Wer übernimmt All for One und wie hoch ist der Anteil?
VINCI Energies, die Digital- und ICT-Sparte des französischen VINCI-Konzerns, hatte bis zum 9. September 2026 bereits 83,56 Prozent der Aktien gesichert und die Mindestschwelle von 75 Prozent plus eine Aktie damit deutlich überschritten. Das Barangebot lag bei 67,50 Euro je Aktie.
Was macht All for One?
All for One Group SE aus Filderstadt bei Stuttgart ist einer der führenden SAP-Partner für den deutschsprachigen Mittelstand. Das Unternehmen integriert und betreibt Geschäftsapplikationen — vor allem SAP — für mehr als 4.500 Kunden und erzielte im Geschäftsjahr 2024/25 rund 504 Millionen Euro Umsatz.

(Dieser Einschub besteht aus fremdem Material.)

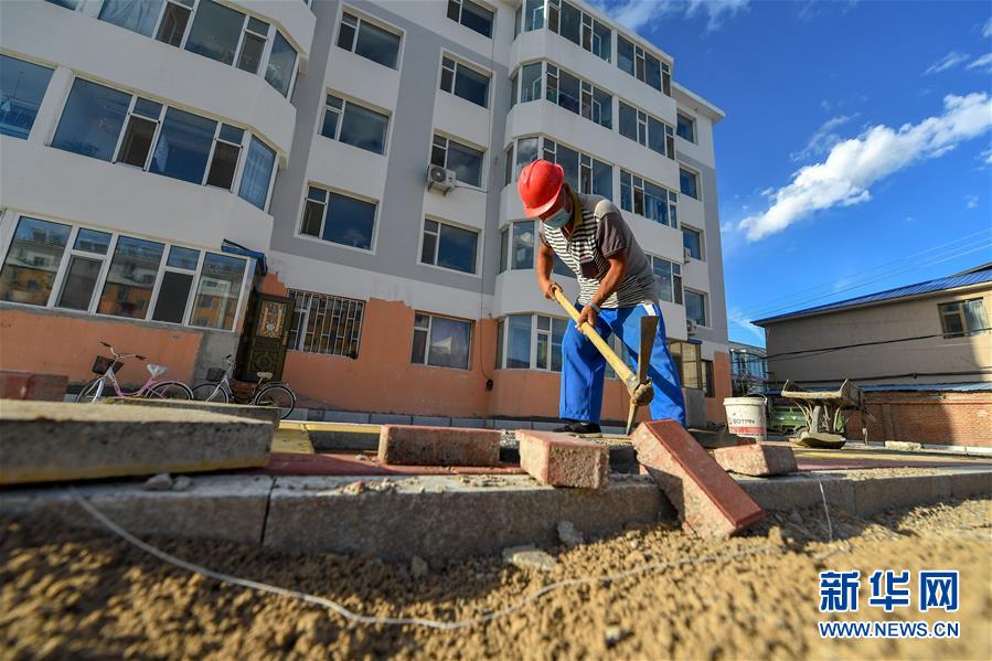 8月11日,工人在鎮(zhèn)賚縣慶生社區(qū)一老舊小區(qū)內(nèi)鋪設(shè)路面方磚。2019年底開始,吉林省白城市鎮(zhèn)賚縣對超過20年房齡的老舊小區(qū)進(jìn)行全面改造升級,優(yōu)先完成樓體內(nèi)外墻面、樓頂防水、道路硬化工程,并協(xié)調(diào)各職能部門對地下管網(wǎng)、綠化美化等基礎(chǔ)設(shè)施問題進(jìn)行統(tǒng)籌施工,減少后期二次施工造成的環(huán)境破壞和資源浪費(fèi)。一期工程預(yù)計(jì)于今年10月完工,施工完成后,政府相關(guān)部門將為這些小區(qū)統(tǒng)一配備物業(yè)公司,解決后期設(shè)施維護(hù)問題。新華社記者張楠攝
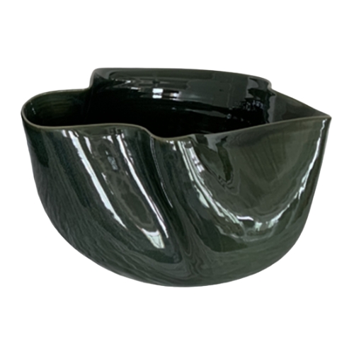 Ref: C47A05-660-1283 0Cachepot de ceramica, com formato de bordas onduladas e curvas que lembram ondas das aguas, intitulado *Chang* em homenagem ao rio Changjiang, que é o “Rio Longo”, o maior da China, colecao Essencia do Oriente na cor verde e acabamento brilhoso.
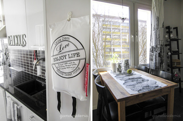 Kuchnia – białe szafki, czarne płytki, czarny blat i aluminiowe dodatki. Jednak wnętrze dopełniają dodatki w odpowiedniej ilości na blacie kuchennym, stole, a także regał drabinka z cotton ballsami (ten sam co w salonie).
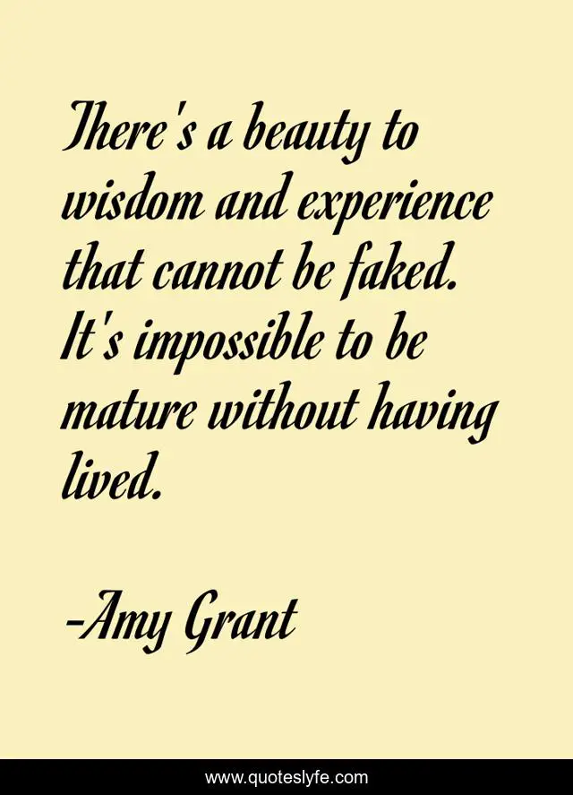 This page presents the quote "There's a beauty to wisdom and experience that cannot be faked. It's impossible to be mature without having lived.". Author of this quote is Amy Grant. This quote is about impossible, beauty, wisdom,.

Was bedeutet die Übernahme für Mittelstandskunden?
Kurzfristig läuft der Betrieb weiter, doch jede Eigentümerkonsolidierung bringt Übergangsrisiken: Ansprechpartner, Service-Levels und Roadmap-Prioritäten können sich verschieben. Unternehmen mit starker Ein-Partner-Abhängigkeit sollten Vertrags-, Exit- und Weiterbetriebsoptionen prüfen.
Warum ist die S/4HANA-Frist relevant?
Die Mainstream-Wartung für SAP ECC endet 2027 (Verlängerung bis 2030 möglich). Der daraus entstehende Migrationsstau bindet die Kapazität der SAP-Partner — gerade jetzt, wo sich diese Kapazität bei wenigen, größer werdenden Anbietern konzentriert.
Welche Alternativen gibt es zur Ein-Partner-Abhängigkeit?
Neben dem SAP-Standardpartner lohnt sich eigene oder nearshore-basierte Kapazität für Integrationen, Erweiterungen und kundenspezifische Software rund um SAP. Dedizierte Entwicklungsteams und Staff Augmentation liefern Kontrolle über kritische Schnittstellen ohne die Fixkosten einer eigenen Großabteilung.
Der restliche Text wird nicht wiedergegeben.